Disebelah utara tanah ini terdapat Buyut dukuh, nama aslinya Gagak Alap – Alap Partala, yang membawa kapal perang dan karam ditempat itu, yaitu seorang panglima perag praurit Mataram. Pulang karena kalah perang dari penyerbuan ke Batavia, kemudian menetap disini sampai meninggalnya.

Disebelah utara bagian desa Pangkalan ada kampung Mandar disana terdapat 7 sumur zaman pengaruh Hindia yang dibawa oleh Ki Kuwu Amis Cempaka Mulya, dalam menyelamatkan diri perang dengan Ki Kuwu Sangkan, rakyatnya yang tidak mau amsuk Islam lari ke Hutan Sinang.
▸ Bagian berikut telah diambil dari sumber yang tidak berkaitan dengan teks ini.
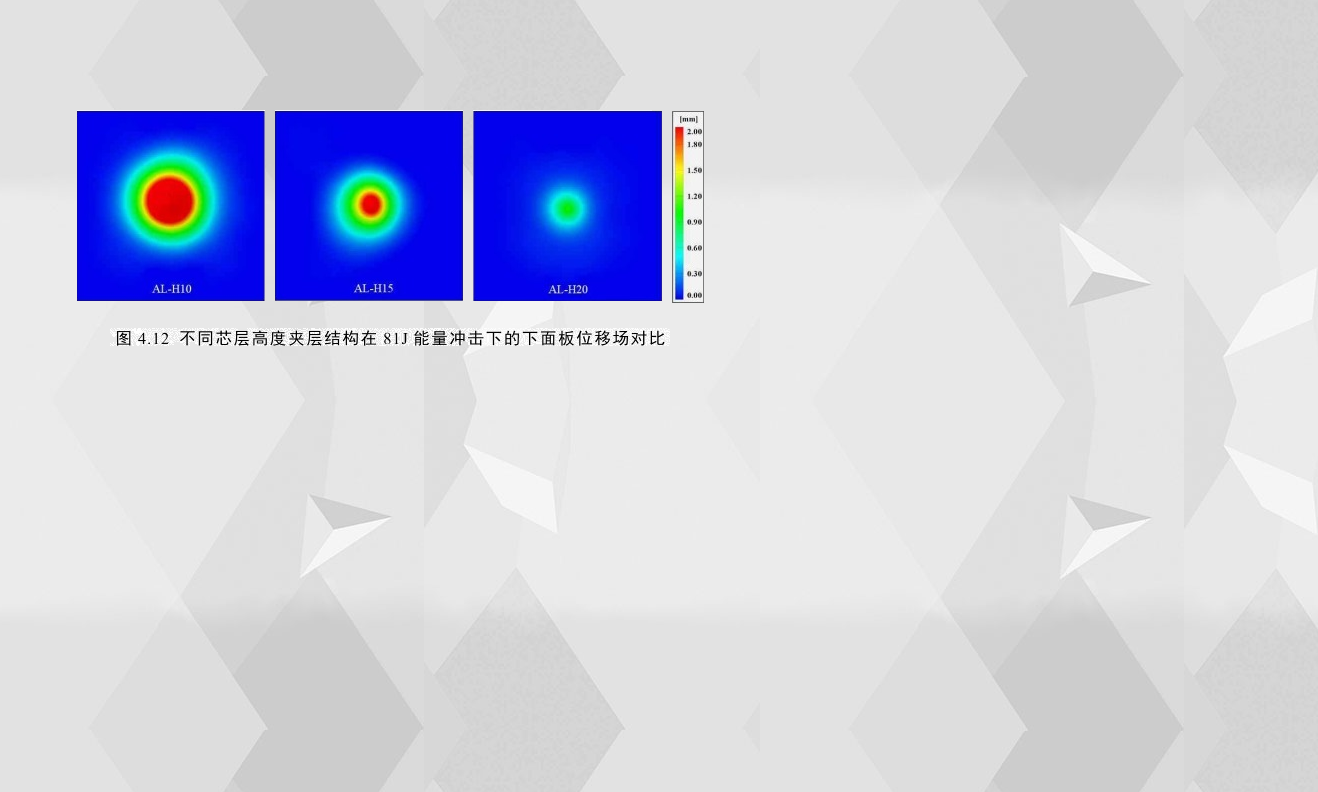 圖4.12比較了三種芯層高度的夾層結(jié)構(gòu)在81J能量沖擊下的下面板位移場,可以發(fā)現(xiàn),位移場以沖擊點(diǎn)為中心呈環(huán)形分布,且隨著芯層厚度的增加,下面板的最大位移量減小,并且變形面積逐漸減少。

Tujuh sumur ini seperti halnya sama dengan tujuh sumur di Banten.

Daftar kepala desa Pangkalan:
1)    Yang menjadi kuwu pertama saudara Rasbayi.
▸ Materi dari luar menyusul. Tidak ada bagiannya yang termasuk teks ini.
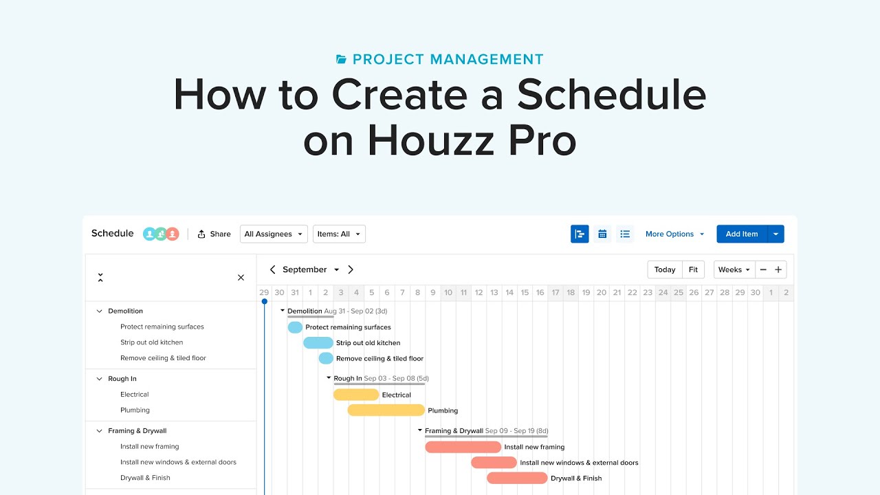 Creating and maintaining an up-to-date project schedule is one of the most effective ways to assure that a job stays on track and on budget. With Houzz Pro management software, the Schedule tool is at the heart of the project management ecosystem. It is your virtual assistant that ensures you don't miss a beat on any project.

2)   Yang menjadi kuwu kedua saudara Jalani.
3)   Yang menjadi kuwu ketiga saudara Dewon.
4)   Yang menjadi kuwu keempat saudara Dirga.
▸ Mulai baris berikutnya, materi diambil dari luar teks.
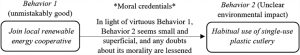 Moral licensing, also known as self-licensing, occurs when previous virtuous or moral behaviors make individuals feel entitled to act in a way they would not permit themselves otherwise. This sense of entitlement to engage in behaviors normally considered unethical is a psychological mechanism that arises when individuals’ prior virtuous actions enhance their self-image, making them feel good about themselves. As a result, individuals allow themselves to act in a less virtuous way without feeling guilty or compromising their image as a moral person. When pro-environmental behavior is seen as a virtuous act, it can lead to moral licensing in subsequent decisions.

5)   Yang menjadi kuwu kelima saudara Talam.
6)   Yang menjadi kuwu keenam saudara Dirga, terpilih kembali kedua kalinya.
7)   Yang menjadi kuwu ketujuh saudara Jamadi.
8)   Yang menjadi kuwu kedelapan saudara Dulati.
9)   Yang menjadi kuwu kesembilan saudara Dodi, hanya dapat melaksanakan 6 bulan.
10) Yang menjadi kuwu kesepuluh saudara Masduki, dari anggota ABRI
11)  Yang menjadi kuwu kesebelas saudara Masduki dari jurutulis desa terpilih sejak tahun 1979.

Nama – nama kampung desa Pangkalan:
1)   Kampung Pelabuhan
2)  Kampung Buyut Babar
3)  Kampung Buyut Dukuh
4)  Kampung Mandar, yang ada dipetapakan sumur 7 buah, pada masa transisi Islam
5)  Kampung Gaga Mantri, sekarang menjadi komplek pertamina sejak diketemukan sumber minyak tahun 1980.
6)  Kampung Tegal Tike, tanah ini sebagian besar masih rawa dan persawahan tadah hujan.
        Pangkalan desa nomor 135, dengan luas areal tanah 1796 Km2, dan jumlah kerapatan penduduk laki – laki 1625 juwa grebeg, perempuan 2310 jiwa grebeg, perhitungan tahun cacah 1979.